J'essaye de voir si je peux combiner avec le script précédent (convert to pdf) qui ouvre un boîte de dialogue mais je n'arrive pas à savoir quels morceaux garder...


----------



## Didier Guillion (9 Février 2008)

Makhno a dit:


> Je vous remercie de vous intéresser à cela...
> 
> J'avais déjà installé Cups-PDF. Je viens d'essayer le dernier bout de scipt proposé, text edit s'ouvre bien mais ensuite j'ai le message d'erreur suivant : "la variable filename n'est pas définie". Y aurait-il le moyen de lui dire d'imprimer ce qui est sélectionné?
> J'essaye de voir si je peux combiner avec le script précédent (convert to pdf) qui ouvre un boîte de dialogue mais je n'arrive pas à savoir quels morceaux garder...



Il faut remplacer filename par le chemin complet du fichier, comme cela est fait dans le script original que tu as proposé.

Cordialement


----------



## Makhno (9 Février 2008)

Euh... je viens d'essayer, j'ai fait glisser un fichier test.doc dans la fenêtre de l'éditeur de script. l'adresse complète apparaît. Je lance le script, il me dit "fin de ligne prévu mais jeton inconnu trouvé"... 
j'ai essayé sans l'extension, il me dit que la variable Users n'est pas définie.

edit :
à quel endroit dans le script que j'avais proposé un chemin complet de fichier apparait? C'est ptetre ça que je n'ai pas compris...


----------



## Didier Guillion (9 Février 2008)

A la fin : la fonction

on processFile(thePOSIXFileName)

recoit un path complet.
Il suffirait de tester avant le "try" l'extension .doc et de traiter spécifiquement ces fichiers.
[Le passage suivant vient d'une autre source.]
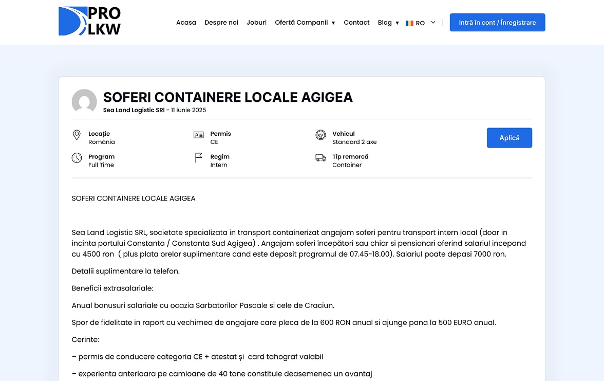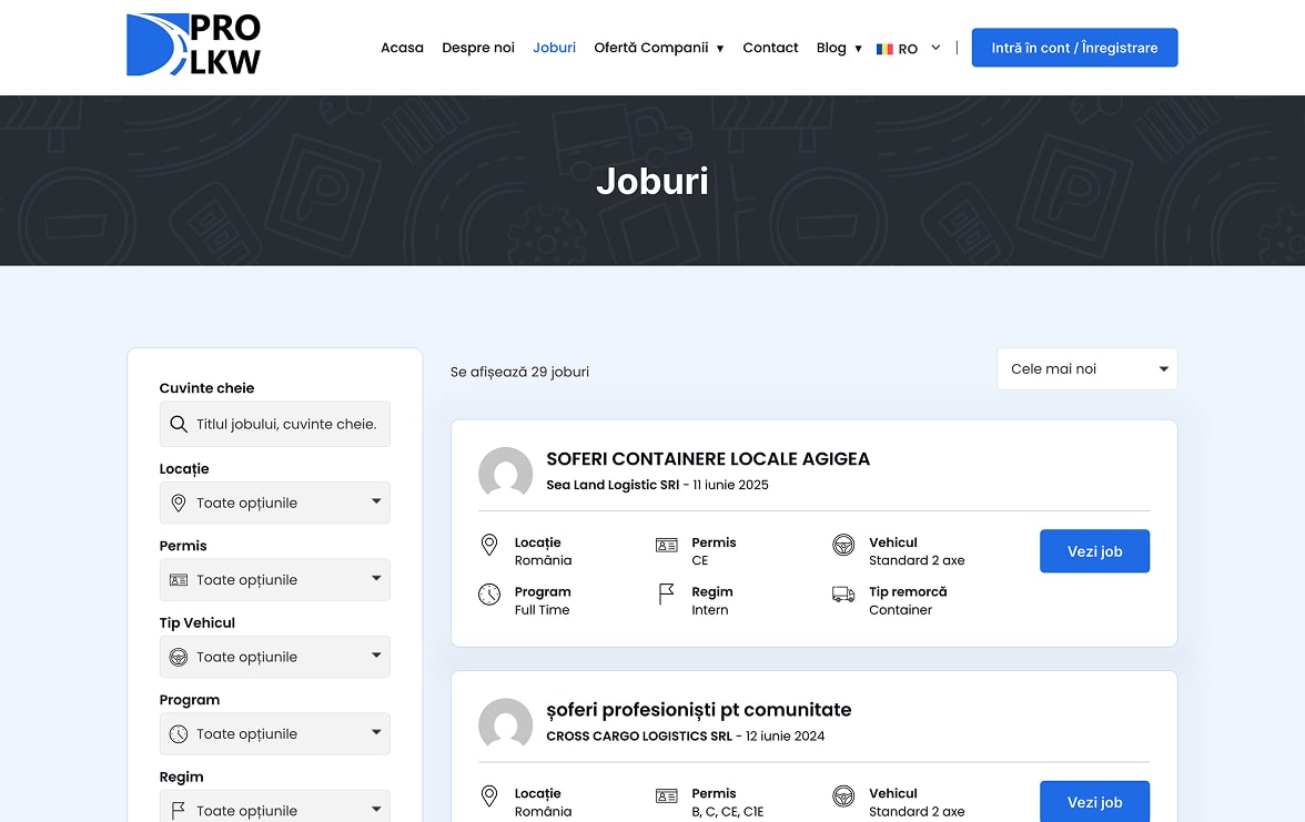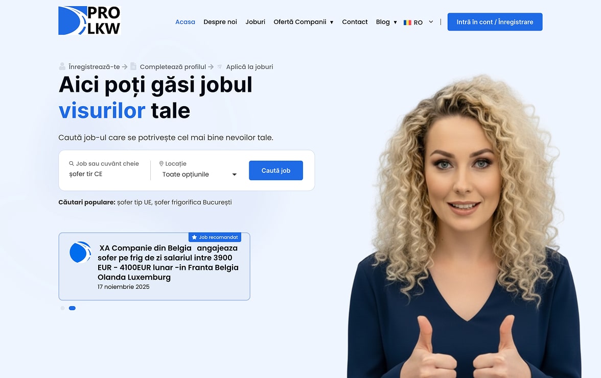 Colaborarea cu PRO LKW ne-a aratat un brand dedicat conectarii profesionistilor cu oportunitati de cariera in transportul international si companii din Europa. PRO LKW sprijina candidatii in gasirea unui loc de munca potrivit, sigur si corect platit, oferind in acelasi timp clientilor solutii de recrutare personalizate si eficiente. Experienta lor combina expertiza in headhunting, consiliere profesionala si tehnologie AI pentru optimizarea procesului de selectie.
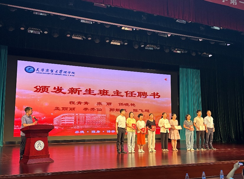 会上,学院领导为新生班主任颁发聘书。班主任代表、统计系张丽老师分享体会,并对同学们的大学生活提出期望:希望同学们时刻践行社会主义核心价值观;保持求知欲,坚持学习,勇于尝试,不怕失败;保持身心健康、不断增强自我认同感和幸福获得感。

Bien sur il faudrait changer 
Select a file to convert to PDF:" of type {"JPEG", "GIFf", "PICT", "TIFF", "TEXT", "RTF"}

en
Select a file to convert to PDF:" of type {"JPEG", "GIFf", "PICT", "TIFF", "TEXT", "RTF","DOC"}

Cordialement


----------



## Makhno (9 Février 2008)

Bon, aller, on laisse tomber. C'est vraiment trop de galère pour pas grand chose. Pis j'ai l'impression d'abuser de vous et votre temps. 
J'ai commencé à transformer mes .doc en .rtf, c'est assez rapide (merci les dossiers intelligents!) et je n'aurais plus de galères. Fini le format microsoft de m****. 

Je vous remercie de vous être pris la tête là dessus.

EDIT : 
Ah, une nouvelle réponse... c'est sympa. je ne connais vraiment pas assez ce langage pour essayer tout cela. Et je n'aime pas réclamer qu'on me fasse tout le boulot... J'apprendrai ce langage cet été, ça me servira 
merci encore


----------